─── Source data ───

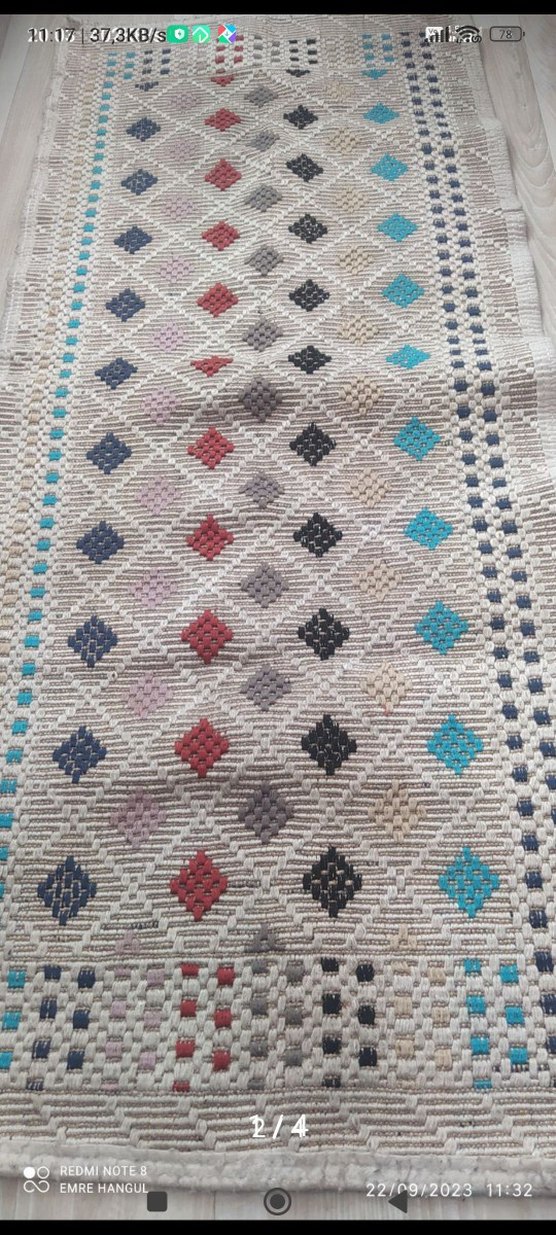 Gri zemin üzerinde çok renkli geometrik nakış desenlerine sahip Yolluk halı. Her odaya canlı ve sanatsal bir dokunuş katar. az kullanılmış elimde 2 adet var adet fiyatıdır
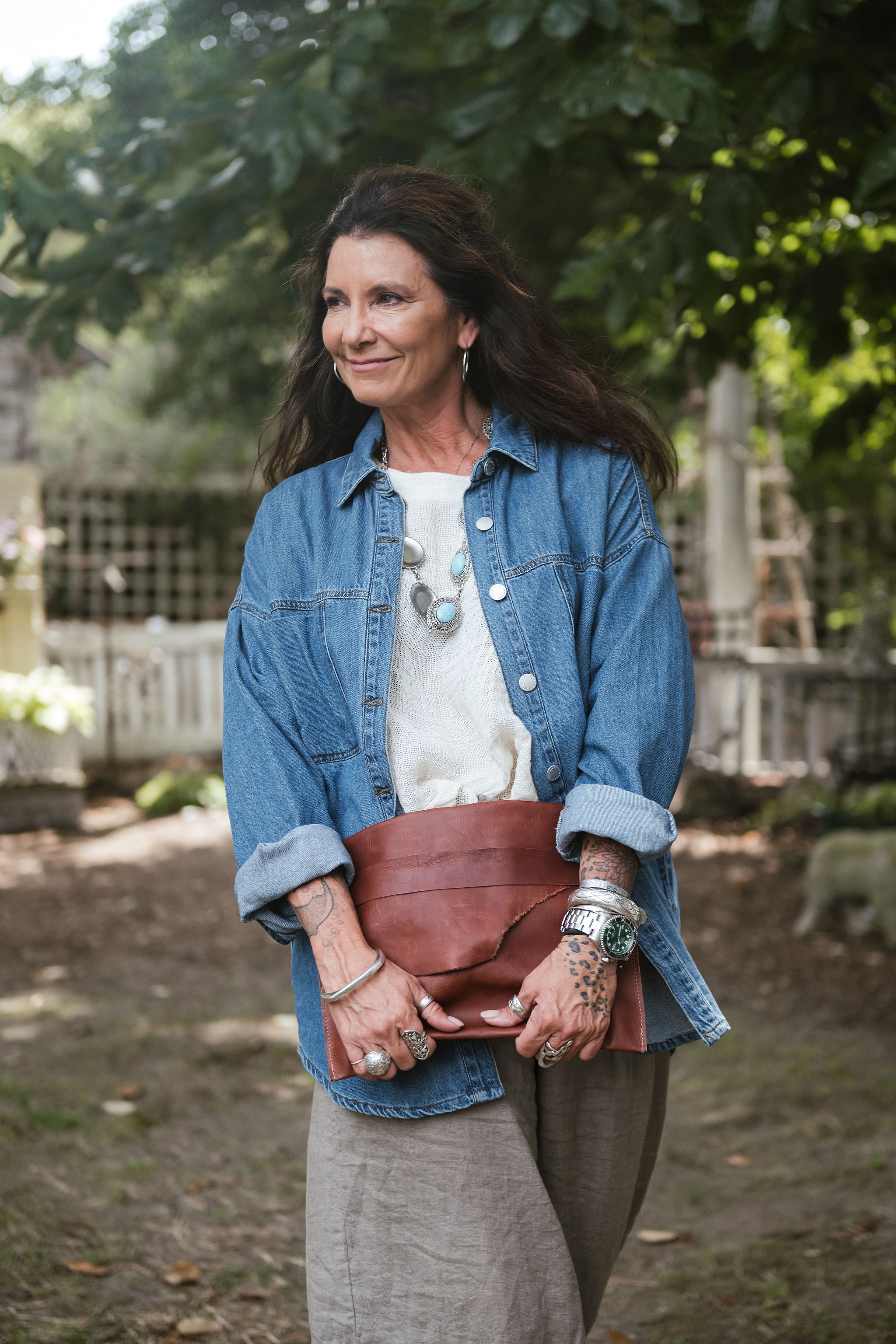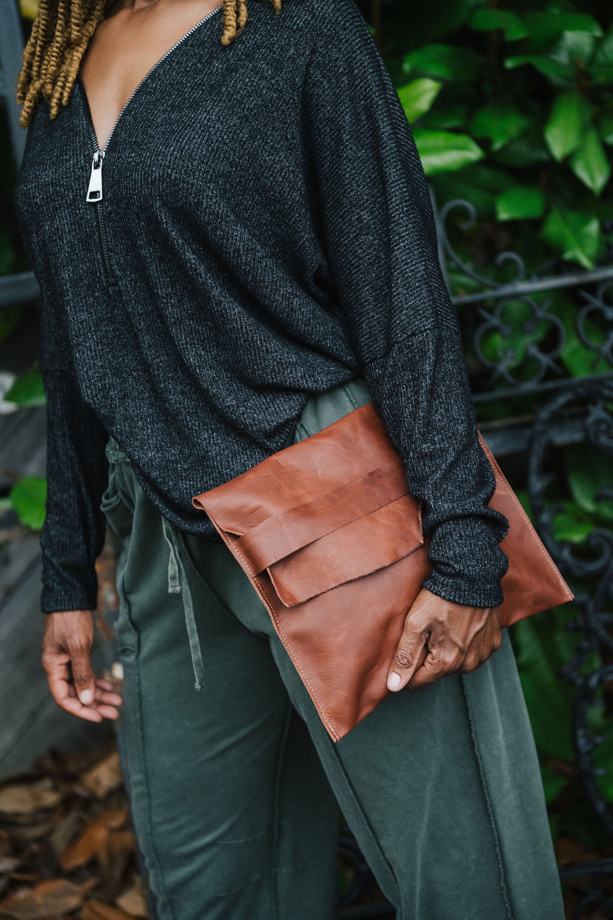Its supple fold-over flap design measures 12 by 13 inches, providing an elegant and practical envelope-style bag ideal for carrying your journal or essentials with refined ease.
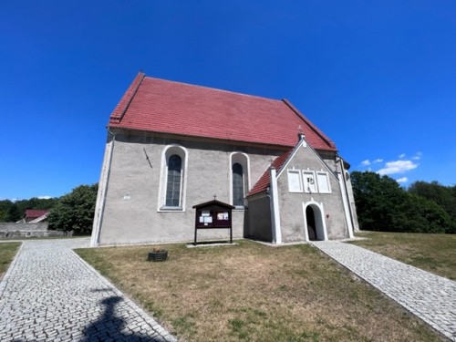 We wsi znajduje się świątynia romańska z XIII wieku otoczona murem (zbudownym w 1882 roku z kamienia polnego i częściowo z cegły). Przebudowywana pod koniec średniowiecza. W 1654 roku dostawiono kruchtę. prz kosciele jest prostokątna dzwonnica z XV wieku, zbudowana z kamienia, usytuowana w linii muru otaczającego kościół. Po II wojnie światowej budowla popadła w ruinę. Odbudowana w latach 1975-1976.
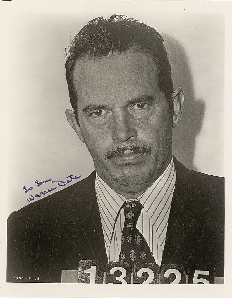 Glossy 8 x 10 photo of Oates as John Dillinger, signed and inscribed in black felt tip, “To Sam, Warren Oates.” In fine condition.
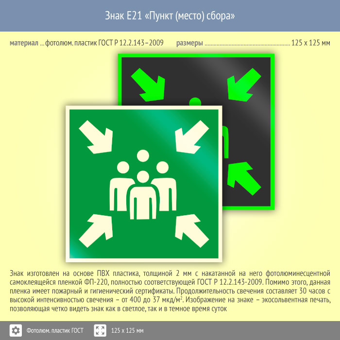 Знак E21 «Пункт (место) сбора» (фотолюминесцентный пластик ГОСТ 34428-2018, 125х125 мм) в Сургуте купить
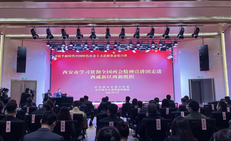 3月28日,西安市学习贯彻全国两会精神宣讲团走进西咸新区。全国人大代表、西安市学习贯彻全国两会精神宣讲团成员崔荣华来到西咸新区沣东自贸新天地,为新区两新组织员工代表作全国两会精神宣讲报告。
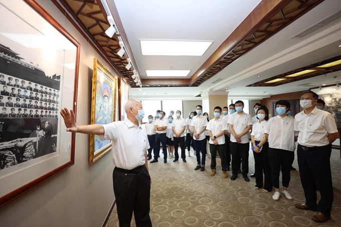 美術(shù)作品展開幕當(dāng)天,四海畫院名譽(yù)院長李任仕同志向公司黨員干部詳細(xì)介紹了每幅作品的歷史背景和人物故事,以點帶面生動再現(xiàn)了各個時代川渝籍共產(chǎn)黨人的光輝事跡和黨史人物的鮮活形象,謳歌了巴蜀大地的百年黨史和前輩們的豐功偉績。
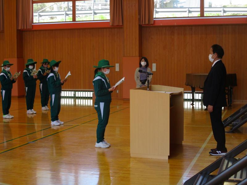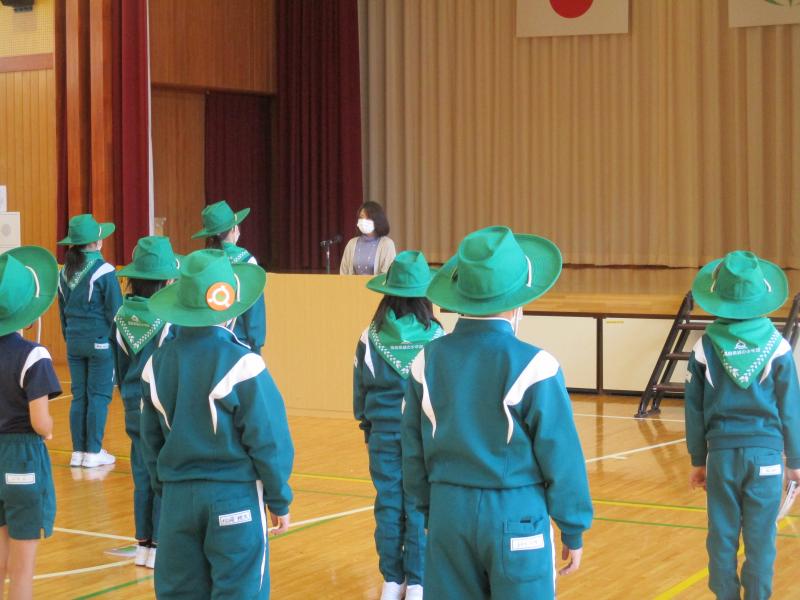 今日のきずなタイムに緑の少年団の結団式を行いました。はじめに、育成会の渡邉会長さんからお話をいただきました。誓いの言葉では、団長から、緑に親しむこと、緑を守り育てること、地域を愛し、豊かな心を育てること等についての発表がありました。緑小学校のみどりの少年団これからの活躍が楽しみです。
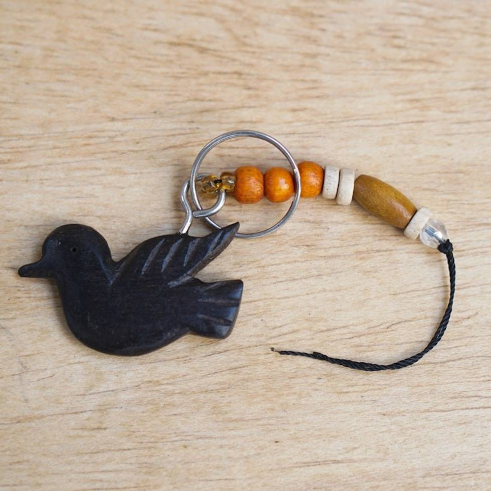 Eco-Friendly Ebony Wood Bird Keychain with Recycled Beads 'Flying Amulet' Item ID: 2671197204
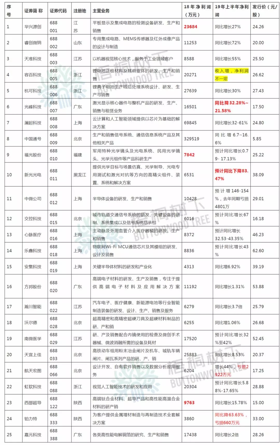 25家公司中,光峰科技、新光光电、铂力特等3家公司2019年上半年净利润同比下降。容百科技2019年上半年营业收入同比增长,但净利润是增长还是下降无法确定。

───

Problem details. All that is needed is an exact copy of the lines from the top of the entries through the line containing "Its supple fold-over", pictures left out.

Task result.
 Gri zemin üzerinde çok renkli geometrik nakış desenlerine sahip Yolluk halı. Her odaya canlı ve sanatsal bir dokunuş katar. az kullanılmış elimde 2 adet var adet fiyatıdır
Its supple fold-over flap design measures 12 by 13 inches, providing an elegant and practical envelope-style bag ideal for carrying your journal or essentials with refined ease.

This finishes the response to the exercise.